Last updated: 2022-04-22
Checks: 7 0
Knit directory: muse/
This reproducible R Markdown analysis was created with workflowr (version 1.7.0). The Checks tab describes the reproducibility checks that were applied when the results were created. The Past versions tab lists the development history.
Great! Since the R Markdown file has been committed to the Git repository, you know the exact version of the code that produced these results.
Great job! The global environment was empty. Objects defined in the global environment can affect the analysis in your R Markdown file in unknown ways. For reproduciblity it’s best to always run the code in an empty environment.
The command set.seed(20200712)
was run prior to running the code in the R Markdown file. Setting a seed ensures that any results that rely on randomness, e.g. subsampling or permutations, are reproducible.
Great job! Recording the operating system, R version, and package versions is critical for reproducibility.
Nice! There were no cached chunks for this analysis, so you can be confident that you successfully produced the results during this run.
Great job! Using relative paths to the files within your workflowr project makes it easier to run your code on other machines.
Great! You are using Git for version control. Tracking code development and connecting the code version to the results is critical for reproducibility.
The results in this page were generated with repository version e372c81. See the Past versions tab to see a history of the changes made to the R Markdown and HTML files.
Note that you need to be careful to ensure that all relevant files for the analysis have been committed to Git prior to generating the results (you can use wflow_publish
or wflow_git_commit
). workflowr only checks the R Markdown file, but you know if there are other scripts or data files that it depends on. Below is the status of the Git repository when the results were generated:
Ignored files:
Ignored: .Rhistory
Ignored: .Rproj.user/
Ignored: r_packages_4.1.2/
Untracked files:
Untracked: analysis/cell_ranger.Rmd
Note that any generated files, e.g. HTML, png, CSS, etc., are not included in this status report because it is ok for generated content to have uncommitted changes.

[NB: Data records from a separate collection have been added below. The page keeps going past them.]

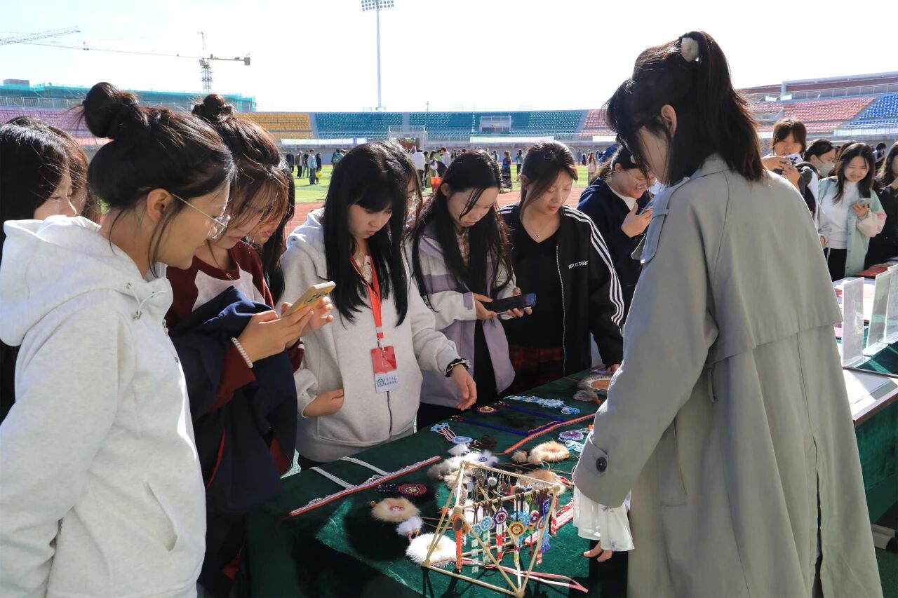開幕式上,身著特色服裝的搏克、射箭、沙嘎、中國象棋、蒙古象棋、踢毽子等方隊依次入場。“藍色呼倫”文藝社團帶來精彩表演。歌曲《那達慕》以悠揚旋律展現草原兒女熱情;民族舞《布里亞特》靈動優美;民族服裝表演及詩歌朗誦等節目,盡顯草原兒女團結奮進的精神面貌。文藝表演結束后,領導和師生們共同參觀“教之翼·巧手藝族”手工藝工作室的非遺作品展。
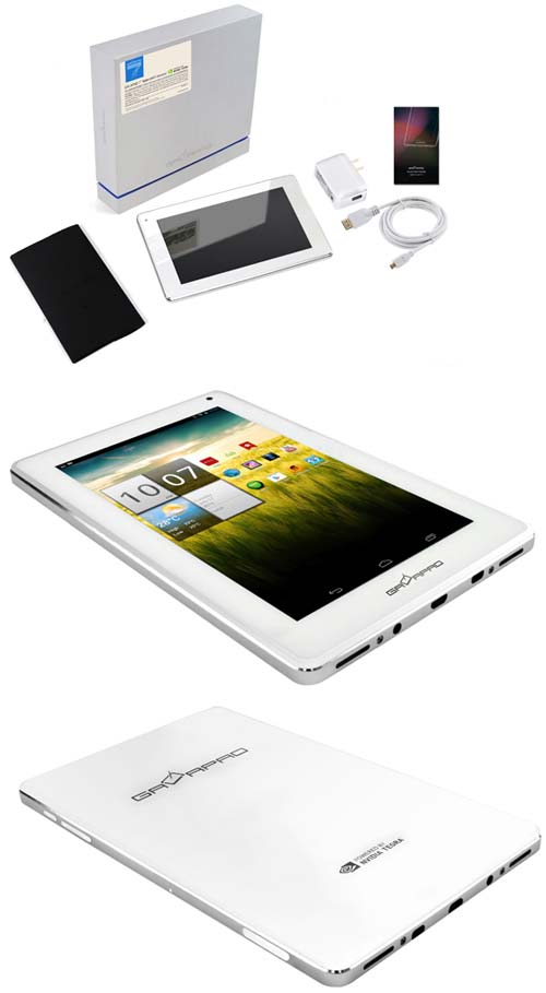 У планшетника Galapad имеется слот для карточек SD/SDHC (32ГБ карточки - максимум, что поддерживается), фронтальная 2МП камера, поддержка WiFi и Bluetooth 3.0 с GPS, 12-ядерное графическое решение. Размеры корпуса изделия: 196x122x9.9, вес - 320 граммов. Управляется планшет всем нам знакомым Android 4.1, а питается от литий-ионной батареи на 3500 мАч. Аппарат оснащён Micro HDMI видеовыходом, Micro-USB портом и 3.5мм выходом на наушники.
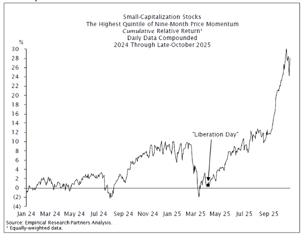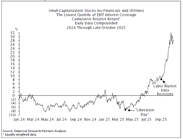 According to the strategists at Empirical Research Partners, small cap momentum stocks and small cap low-interest-coverage stocks have been exceptionally strong since “Liberation Day” in early April. In each case, relative performance really took off in Q3.6
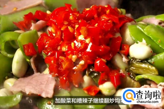 加一点白糖提鲜,炒匀后倒入少量热水,煮3~4分钟,等水差不多收干,加酸菜和糟辣子继续翻炒均匀,下小葱段,最后淋一点水淀粉勾芡,鲜香可口的酸菜炒蚕豆就做好了。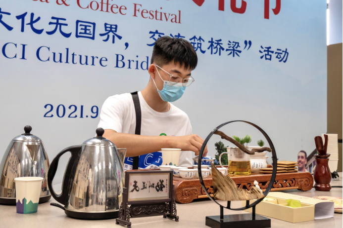 2021年9月12日下午,sunbet官网顺利举办了“文化无国界,交流筑桥梁”(DCI Culture Bridge)活动——第一届DCI茶与咖啡文化节(DCI Tea & Coffee Festival)。本次活动邀请了学院中外师生代表,通过全英文演讲的形式分享中国茶文化和外国咖啡文化,引导参加活动的同学们保持开放包容、互相尊重的心态、认识到不同文化之间的异同,更希望同学们在了解其他文化的同时,传承与创新中华民族优秀传统文化,增强对自身文化的礼敬和自豪,坚定文化自信。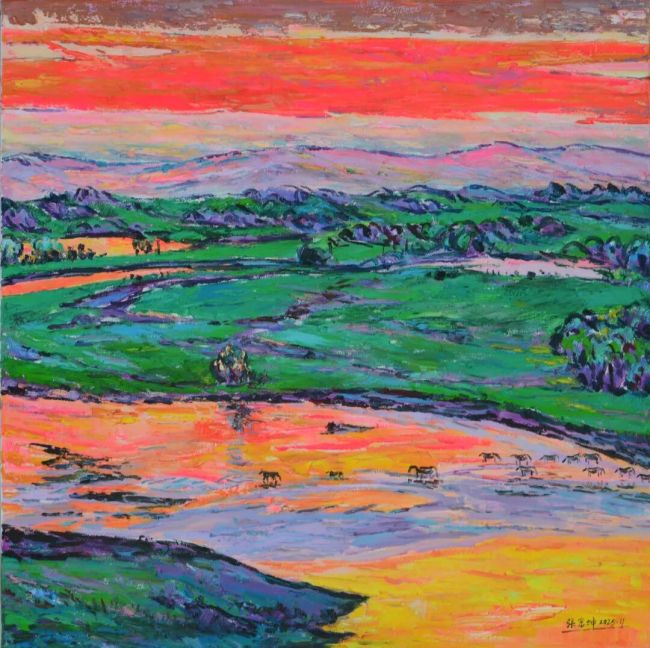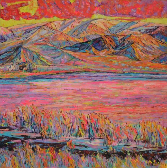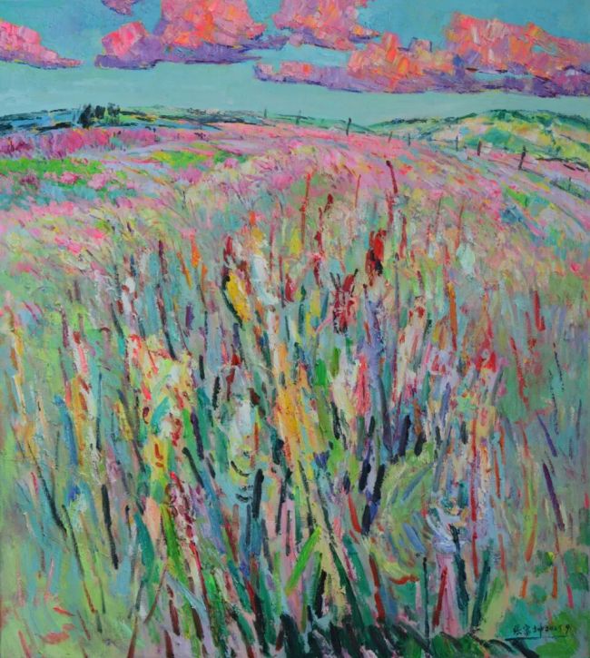 张富坤的油画世界,如大自然之魂魄在画布上纵情奔涌。他笔下的晚霞,每一道光芒皆被赋予了生命的炽热,朱砂与青莲在画布上角力、融合,像天穹之中正进行一场壮丽而无声的争斗。而那海边晚照下归帆,却被晚霞温情地拥抱于怀中。船帆被映照得如同燃烧的火焰,又似被霞光温柔浸透的纸片,漂浮在波光粼粼的海面之上。这些帆影被霞光染透,恰如漂泊者最终接纳了自然慷慨的馈赠,成为人间烟火与天地壮阔之间,一座深情而温暖的桥梁。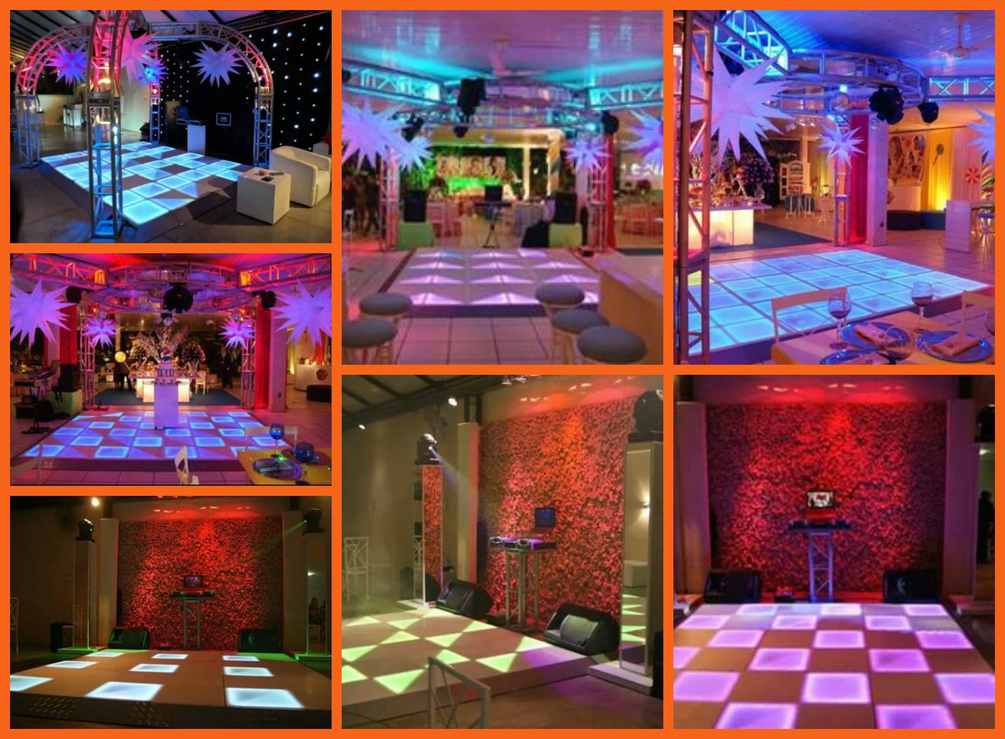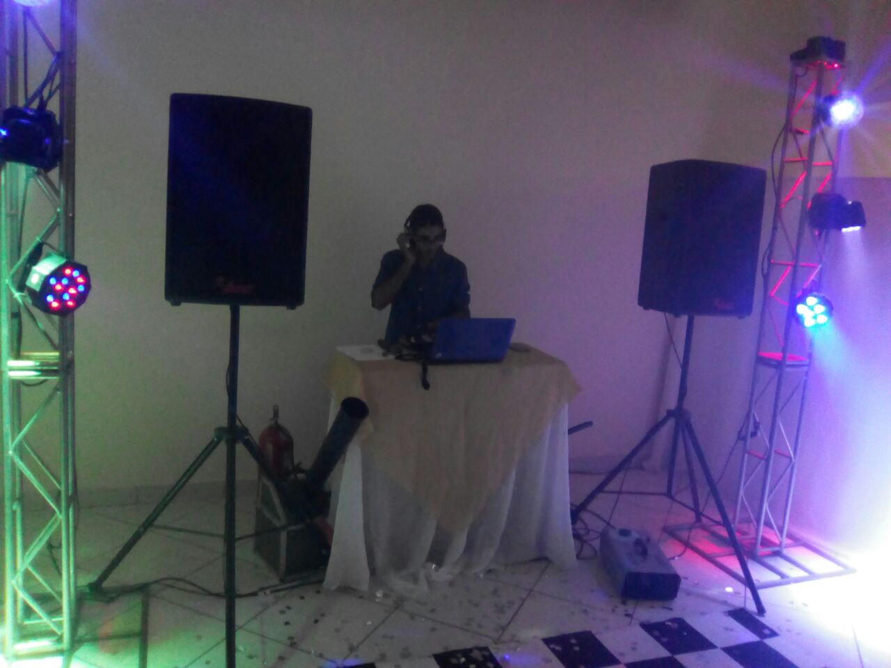 * ESTRUTURA PEQUENA: COM 2 CAIXAS DE SOM E 5 PEÇAS DE ILUMINAÇÃO E TAPETE QUADRICULADO, (SUPORTA ATÉ 60 CONVIDADOS EM LUGAR FECHADO)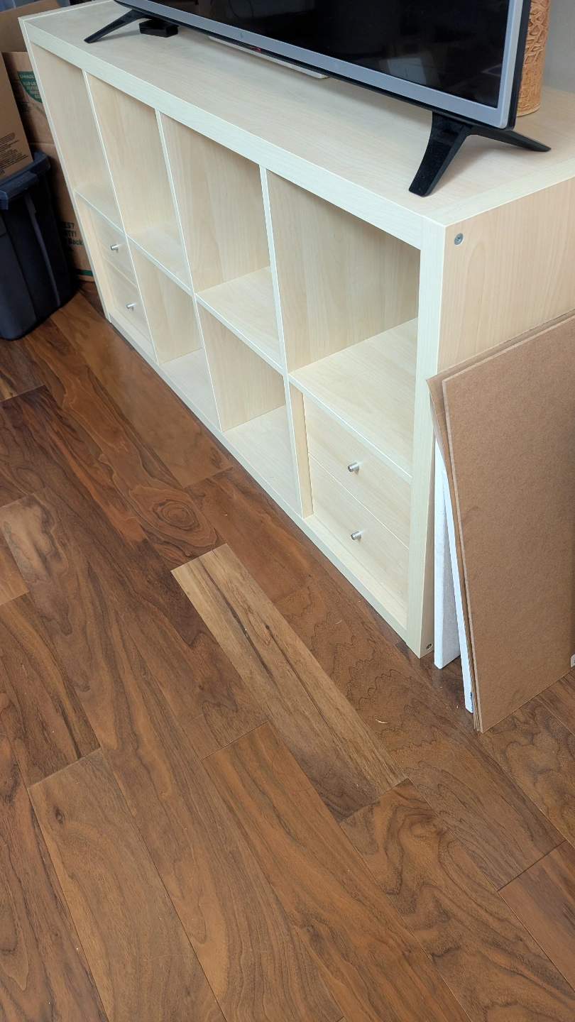 IKEA Kallax 8-cube shelving unit with 4 drawers
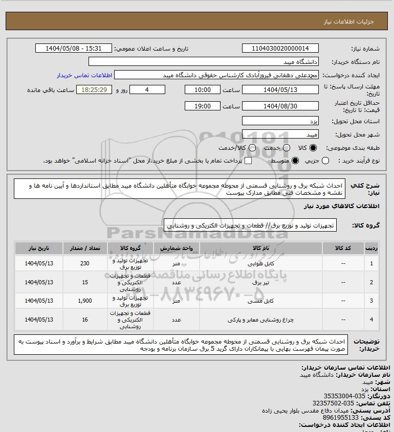 تلفن:5- 88349670 (021) فکس: 88349673 (021) Website: www.ParsNamadData.com E-mail: Info@ParsNamadData.com استعلام احداث شبکه برق و روشنایی قسمتی از محوطه مجموعه خوابگاه متأهلین دانشگاه میبد مطابق استانداردها و آیین نامه ها و نقشه و مشخصات فنی مطابق مدارک پیوست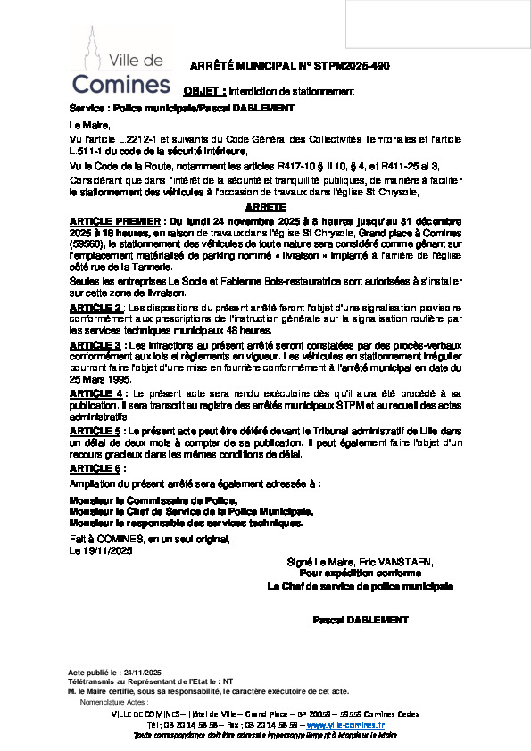 Travaux dans l'église St Chrysole - Règlementation de stationnement du 24/11 au 31/12/2025

These are the previous versions of the repository in which changes were made to the R Markdown (analysis/tss_predict.Rmd
) and HTML (docs/tss_predict.html
) files. If you’ve configured a remote Git repository (see ?wflow_git_remote
), click on the hyperlinks in the table below to view the files as they were in that past version.
File | Version | Author | Date | Message |
---|---|---|---|---|
Rmd | e372c81 | Dave Tang | 2022-04-22 | TSS |
Transcriptional starting sites (TSSs) demarcate the first position in the DNA sequence that gets transcribed into RNA. In this work, we will try to build a classifier to try to predict TSSs. We will train our classifier using the NCBI Reference Sequence Database also known as RefSeq.
Function for loading required Bioconductor packages (and install them first, if missing).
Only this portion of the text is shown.